Talking Brave with Director Mark Andrews

June 18, 2012 Comments Off on Talking Brave with Director Mark Andrews
Talking Brave with Director Mark Andrews

Mark Andrews is just the kind of kick-ass director whose ideas can’t be pigeon-holed and contained in a box. And that’s kinda the Pixar way where vibrant ideas are embraced and block-buster movies are born. And on June 22nd, Brave will hit theaters and I had the opportunity to speak with Andrews during a Disney/Pixar trip in April.

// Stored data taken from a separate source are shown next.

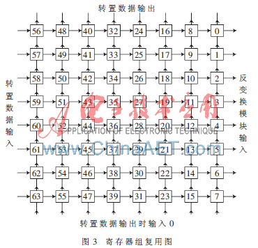 在反变换中也需要用到转置存储。为了节省资源,本设计采用了寄存器复用技术,即反变换中用到的转置矩阵与逆扫描后用于存储变换系数的矩阵复用,具体复用方法如图3所示。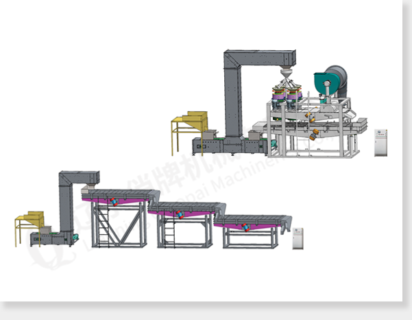 Sizing Unit: input hopper, elevator, sizing screen.(the quantity of sizing screens varies with the raw materials)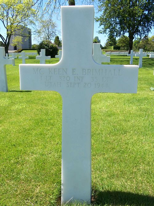 1st Lt Mckeen E. Brimhall attended college for four years and was an industry clerk before he enlisted at Fort Douglas, Utah on 4 June 1942. He was sent overseas in May 1944.He died of wounds sustained in action on 18 September 1944.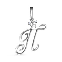 Серебряная подвеска "Буква П" с бесцветными фианитами - 165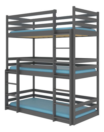 Dječji krevet na kat 200x90 cm Teodor (s podnicom i madracem) (grafit) idealno je rješenje za obitelji s više djece ili goste. Ovaj trokatni krevet izrađen je od kvalitetnog borovog drva, s nogama debljine 40x40 mm i ostalim elementima 20-22 mm, što jamči čvrstoću i izdržljivost. Podnica od lamela debljine 2 cm pruža maksimalnu udobnost i podršku. Madrac od pjene s navlakom na patent jamči miran i ugodan san. Barijera sprječava pad s gornjeg kreveta. Krevet Teodor nudi tri razine spavanja i mogućnost izbora strane ljestvi. U proizvodnji se koriste ekološke, vodene boje. Paket sadrži sav potreban pribor za montažu i upute. Dimenzije: visina: 210 cm, dubina: 208 cm, površina za spavanje: 90x200 cm. Ukupna težina paketa: 118 kg.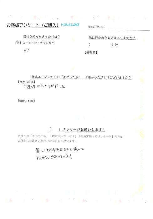 H様 この度は、ご成約おめでとうございます。 また、当店をお選び頂きましてありがとうございます! 何かご不安なことがございましたら、お気軽にご連絡ください。 今後とも、よろしくお願いいたします!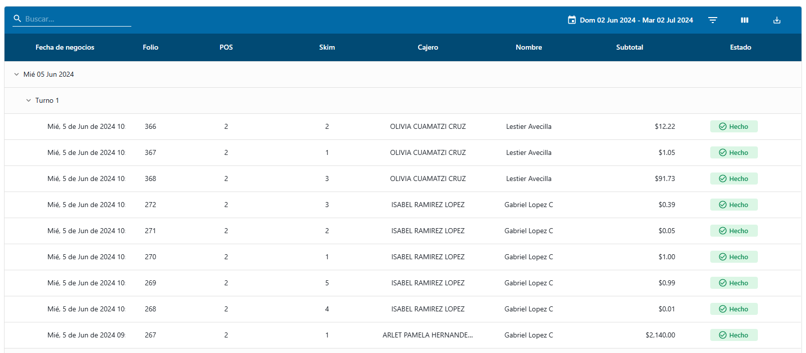 - Fecha de negocios: La fecha del sistema en que se llevó a cabo el movimiento en la sucursal.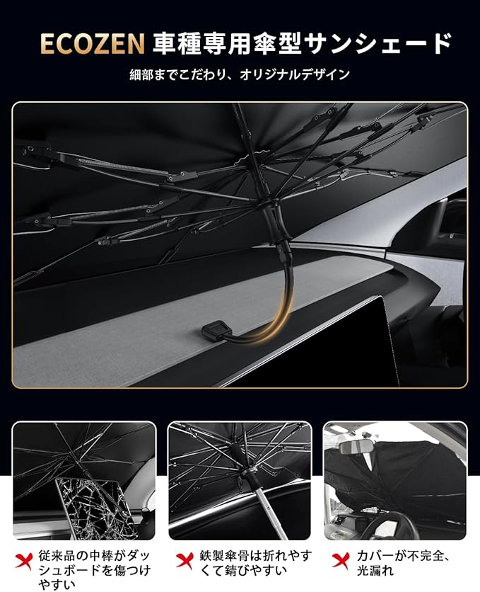 ECOZEN 【2025革新デザイン】トヨタ クラウンスポーツ 16代目 フロントガラス 専用 傘式 サンシェード 曲がる中棒 露先保護カバー延長設計 新型 クラウン スポーツ 35系 傘型サンシェード 隙間なく遮光 頑丈 ガラス繊維製骨 紫外線カット 日焼け対策 ドラレコ対応 ワンタッチ 内装劣化防止 車内泊 露天駐車 Crownsports クラウンスポーツアクセサリー カー用品
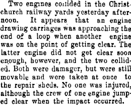 Two engines collided in the Christ-, church railway yards yesterday afternoon. It appears that an engine drawing carriages was approaching the end of a loop when another engine was on the point of getting clear. The latter engine did not get clear soon en.ough, however, and the two collided. Both were daniager, but were still movable and were taken at once to the repair sheds. No one was injured, although the crew of one engine jumped clear when the impact occurred.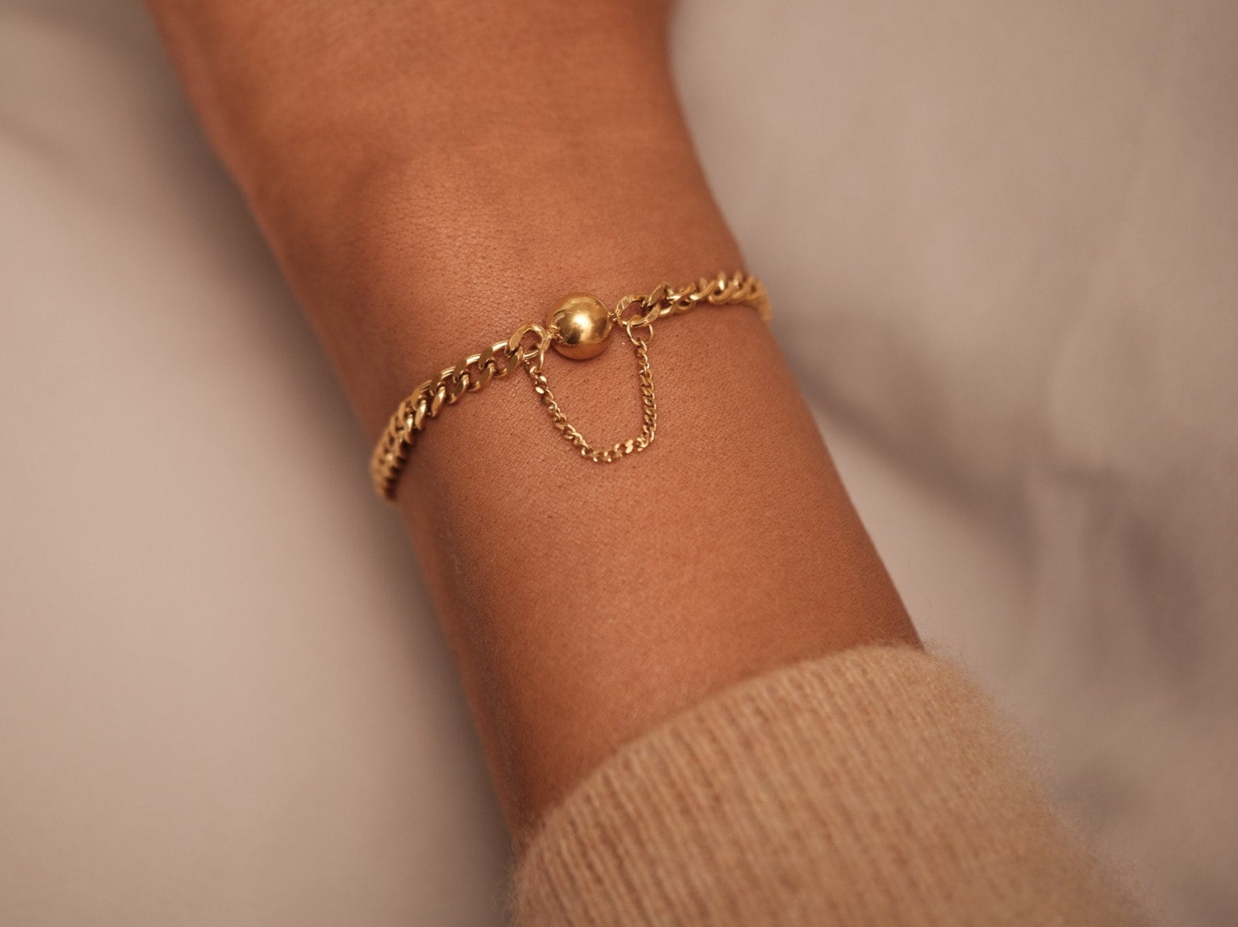Gold Ball Bracelet, Gold Chain Bracelet, Gold Bracelet, Link Chain Bracelet, Cuban Bracelet, Waterproof Bracelet Gift for Her Cuban Chain

Here’s a bit of the transcript!

“Brenda Chapman (the initial director and writer of Brave), she came up with the storyline, and the characters…and wanting to set it in Scotland.  It came out of her being a parent and her trials and tribulations with her daughter. She approached John and said, “Hey, I want to do this movie about this mother-daughter relationship.  And I want to set it in Scotland.”  And he said, “Great, go.”  And then she started developing that more (and)it came out of that, her being a parent.”

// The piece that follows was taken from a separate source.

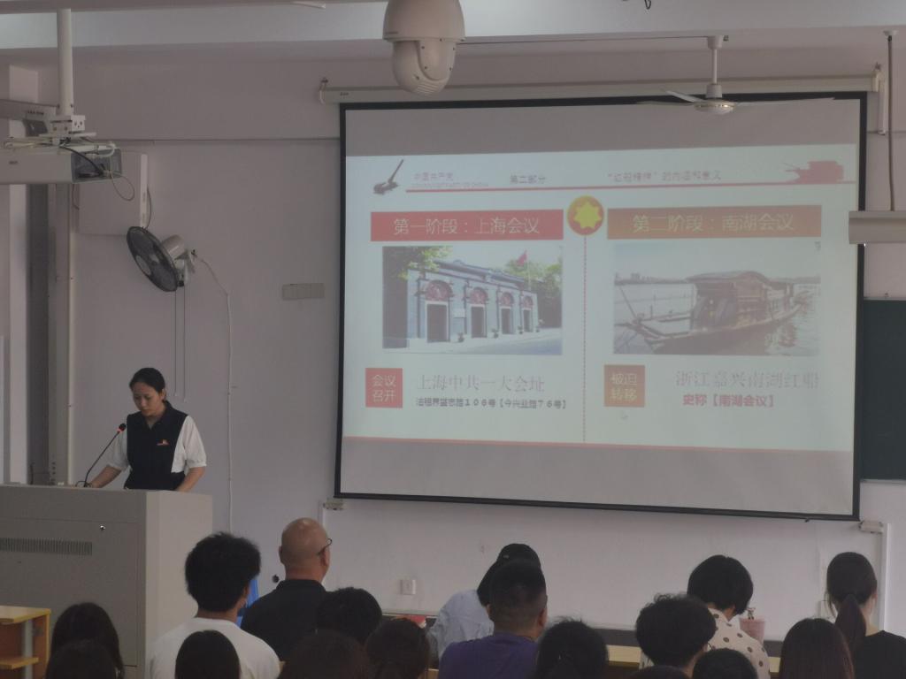 系黨總支副書記陳潔為全體黨員和入黨積極分子作黨史學(xué)習(xí)教育專題宣講,用“紅船精神”教育黨員和青年學(xué)生,要立足本職,盡心盡職,勇于擔(dān)當(dāng),走好新的“長征路”。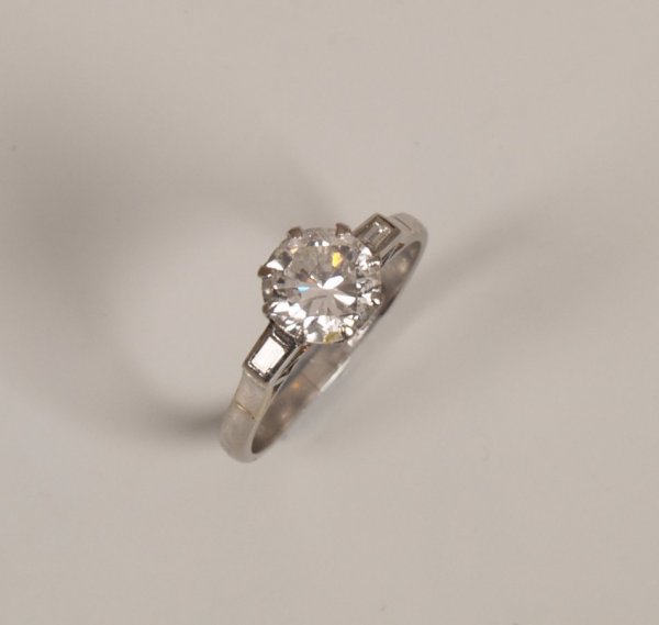 Platinum mounted single stone round cut diamond ring

On Brave Being Not Just for Girls But Boys
As a storyteller (and) I’ve been telling stories for 20 years – I’ve been here at Pixar for 10 working on The Incredibles and Ratatouille. For me, as a storyteller, it’s always about the universal relate-ability of the story. I don’t want to alienate anybody, right?  I don’t want anybody to go, “Oh, that’s not a movie for me.”

I want people to come and see the movie.  And go, “Oh yeah, it’s a fish.  I’m not a fish.  But I know exactly what that fish was going through.”  Or, I’m a robot and I felt like that in my relationships.  You know, with my significant other.  So it’s gotta have something for everybody. I get asked – ‘are you afraid that (the protaganist being girl)  is gonna get rid of the boys’ No, I’m, I’m a father of four.” I’ve got a girl and three boys, just like King Fergus.

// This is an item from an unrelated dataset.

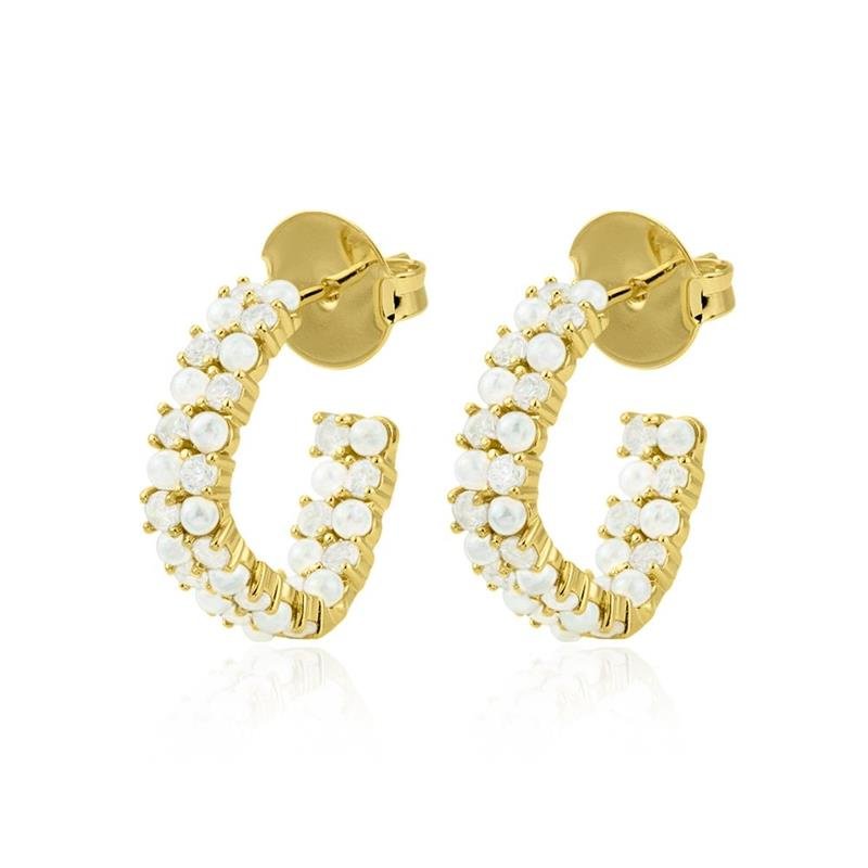 A Semi-Argola Folheada Cravejada Pérolas Shell traz a combinação perfeita entre modernidade e elegância atemporal. Com pérolas shell delicadas e zircônias cravejadas, recebe banho em ouro 18k, garantindo brilho intenso e acabamento refinado. Uma semijoia sofisticada e versátil, ideal para compor looks clássicos ou contemporâneos com charme.Dimensões aproximadas: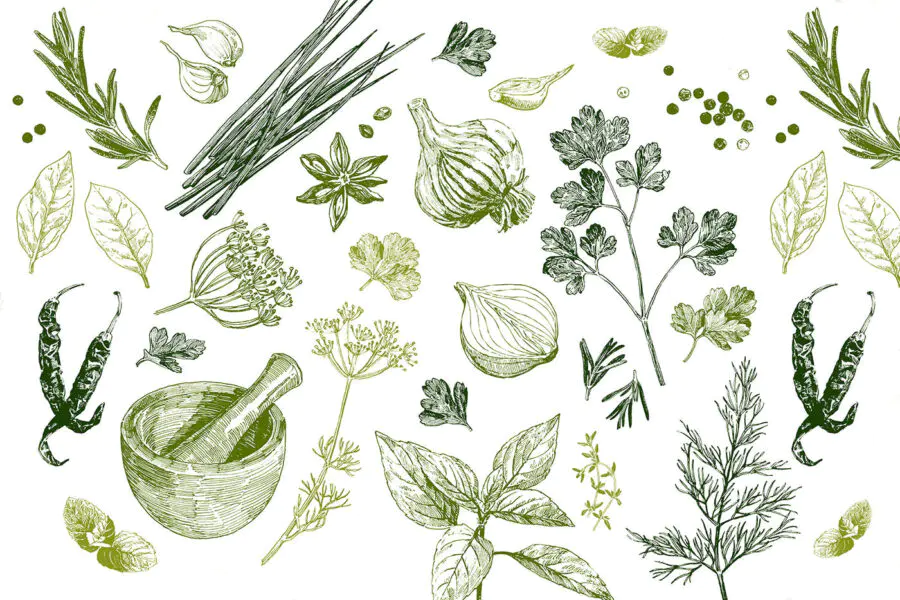 Fotobehang Een verzameling kruiden en specerijen

My boys saw the trailer and they’re all, “What’s that, I want to go see it!”  And it was just a girl and a bear, right?  So they see a girl with a ball in her hands, they’re all, “That could be me.”  They see a strong character,  (that) is what they see, right?  And what that character goes through. And so I think that it’s for everybody. it becomes genderless. I’m glad I have a strong female character in this movie – a couple of them.  And for my daughter, that she can go into a movie and see another strong female character.  But that’s coming up so much more often these days.

Was there Pressure to have the First Female Pixar Lead character?
There is a little bit. But again, I could hide under my story envelope.  Because to me it, it doesn’t become about gender or firsts.  You know.  It’s just about.’make it work, make it work, what’s the story, what’s the story’.  You know.  And this story’s about a parent and a child.  I’m a dad, right?  I have children, I was a child.  So I can relate to all of it. And it’s those moments that I want to try and create in the story, so that anybody watching this will go, “I get it.” I went right through that same, same thing. I went through that same process, that same arc.

On Whether This Was Always Going to Be a Mother/ Daughter Movie:
I don’t think (that this) was in the Pixar conscious that Ed and John were all sitting around going, “What are we gonna do next?  We haven’t done a mother and daughter story. You know, we haven’t set anything in Scotland yet.” It’s not like there’s a big board of stuff, you know, they’re doing tactical with pie charts asking people what they want to see.  It comes from the directors here.

The great thing about Pixar is, you can’t put us in a box of what’s going to come out next.  Right?  Well, we got sequels coming, that’s fine.  But we still have original content that you can’t guess.

About Brave

Brave is the story of Merida, a skilled archer and impetuous daughter of King Fergus (voice of Billy Connolly) and Queen Elinor (voice of Emma Thompson). Determined to carve her own path in life, Merida defies an age-old custom sacred to the uproarious lords of the land: massive Lord MacGuffin (voice of Kevin McKidd), surly Lord Macintosh (voice of Craig Ferguson) and cantankerous Lord Dingwall (voice of Robbie Coltrane). Merida’s actions inadvertently unleash chaos and fury in the kingdom, and when she turns to an eccentric old Wise Woman (voice of Julie Walters) for help, she is granted an ill-fated wish. The ensuing peril forces Merida to discover the meaning of true bravery in order to undo a beastly curse before it’s too late.